*What you are asked to do*: Give back all of the data exactly as it stands, with the pictures removed.

*Exercise data*:
..............................
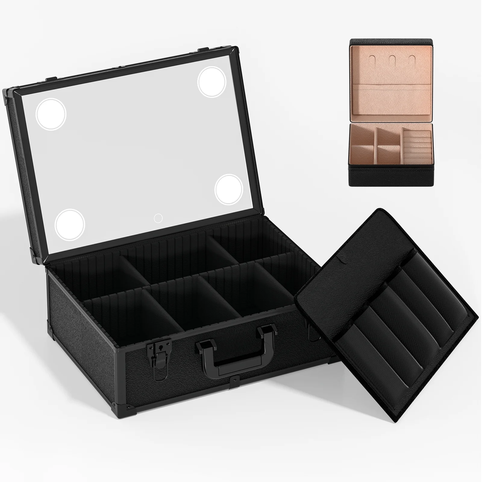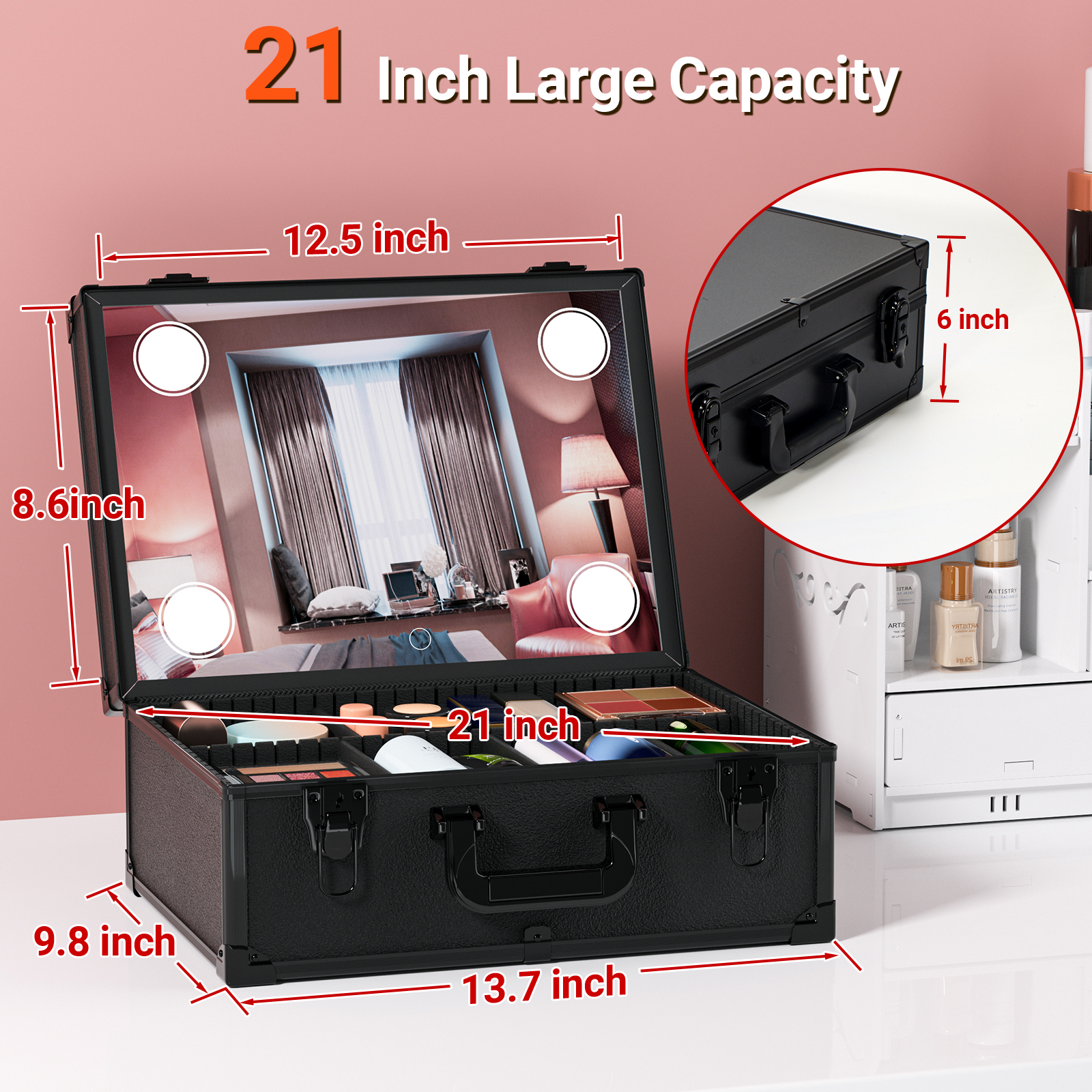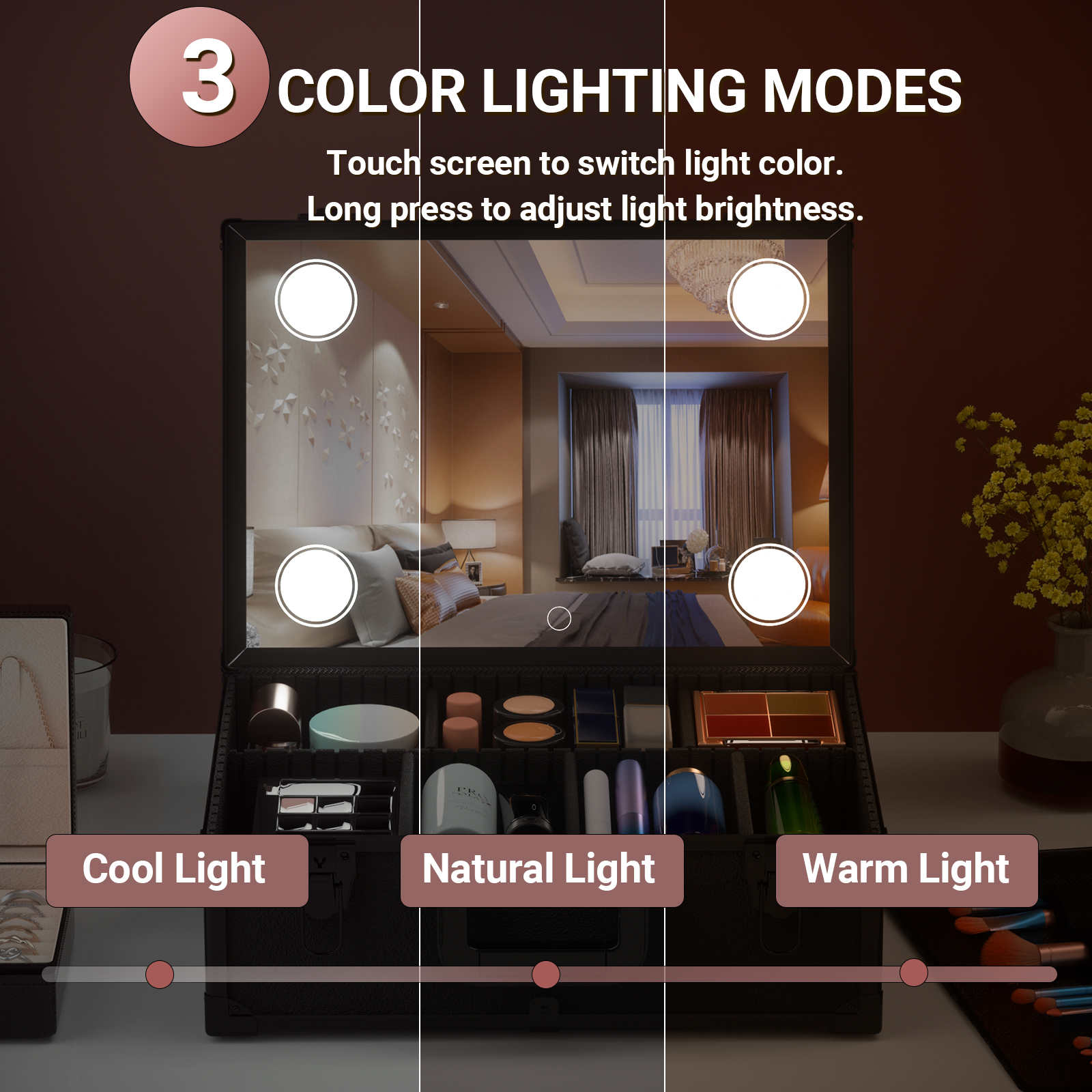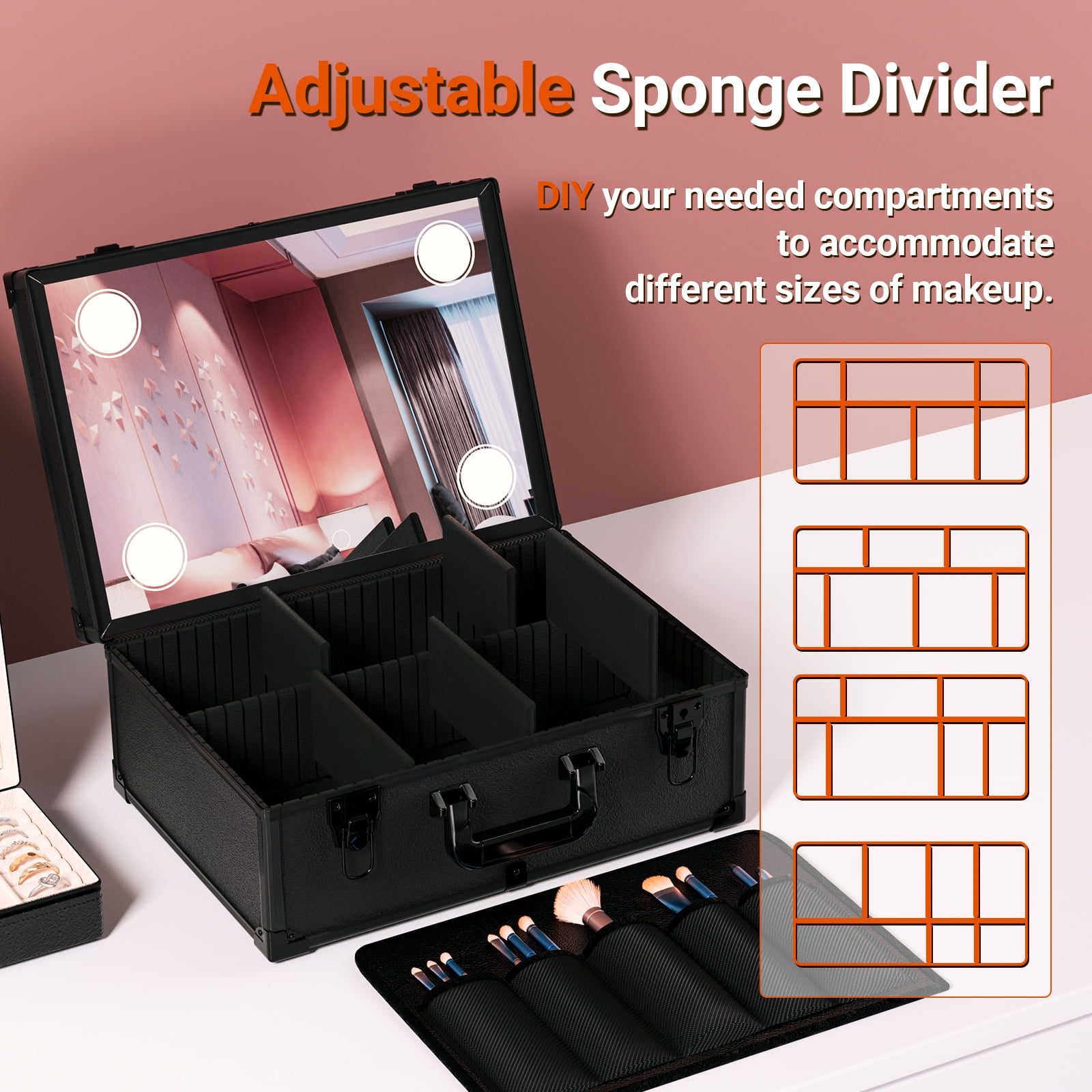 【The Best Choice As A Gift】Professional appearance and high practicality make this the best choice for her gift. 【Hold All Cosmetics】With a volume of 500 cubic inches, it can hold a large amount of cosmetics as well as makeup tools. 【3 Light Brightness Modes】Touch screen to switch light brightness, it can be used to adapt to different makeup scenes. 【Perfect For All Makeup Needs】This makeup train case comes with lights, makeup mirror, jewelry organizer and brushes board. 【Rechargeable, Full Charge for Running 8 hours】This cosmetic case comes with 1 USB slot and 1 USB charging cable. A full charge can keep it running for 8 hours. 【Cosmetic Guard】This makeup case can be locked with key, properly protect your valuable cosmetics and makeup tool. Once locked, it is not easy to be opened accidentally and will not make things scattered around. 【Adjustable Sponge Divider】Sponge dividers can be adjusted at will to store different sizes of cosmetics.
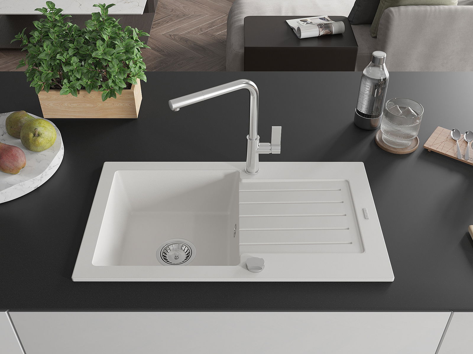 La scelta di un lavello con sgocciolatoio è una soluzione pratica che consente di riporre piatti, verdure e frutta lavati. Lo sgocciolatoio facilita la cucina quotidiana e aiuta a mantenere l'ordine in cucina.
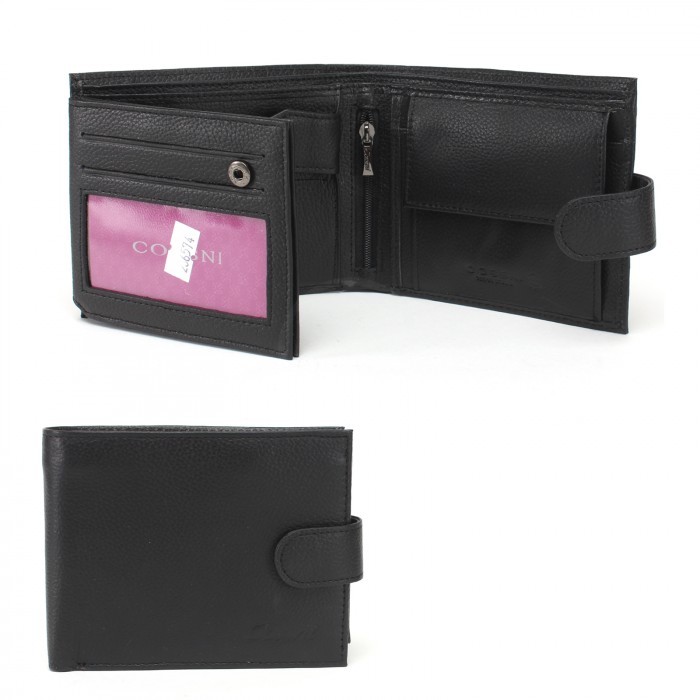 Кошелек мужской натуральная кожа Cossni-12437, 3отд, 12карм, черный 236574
..............................
*Response area*:
 【The Best Choice As A Gift】Professional appearance and high practicality make this the best choice for her gift. 【Hold All Cosmetics】With a volume of 500 cubic inches, it can hold a large amount of cosmetics as well as makeup tools. 【3 Light Brightness Modes】Touch screen to switch light brightness, it can be used to adapt to different makeup scenes. 【Perfect For All Makeup Needs】This makeup train case comes with lights, makeup mirror, jewelry organizer and brushes board. 【Rechargeable, Full Charge for Running 8 hours】This cosmetic case comes with 1 USB slot and 1 USB charging cable. A full charge can keep it running for 8 hours. 【Cosmetic Guard】This makeup case can be locked with key, properly protect your valuable cosmetics and makeup tool. Once locked, it is not easy to be opened accidentally and will not make things scattered around. 【Adjustable Sponge Divider】Sponge dividers can be adjusted at will to store different sizes of cosmetics.
 La scelta di un lavello con sgocciolatoio è una soluzione pratica che consente di riporre piatti, verdure e frutta lavati. Lo sgocciolatoio facilita la cucina quotidiana e aiuta a mantenere l'ordine in cucina.
 Кошелек мужской натуральная кожа Cossni-12437, 3отд, 12карм, черный 236574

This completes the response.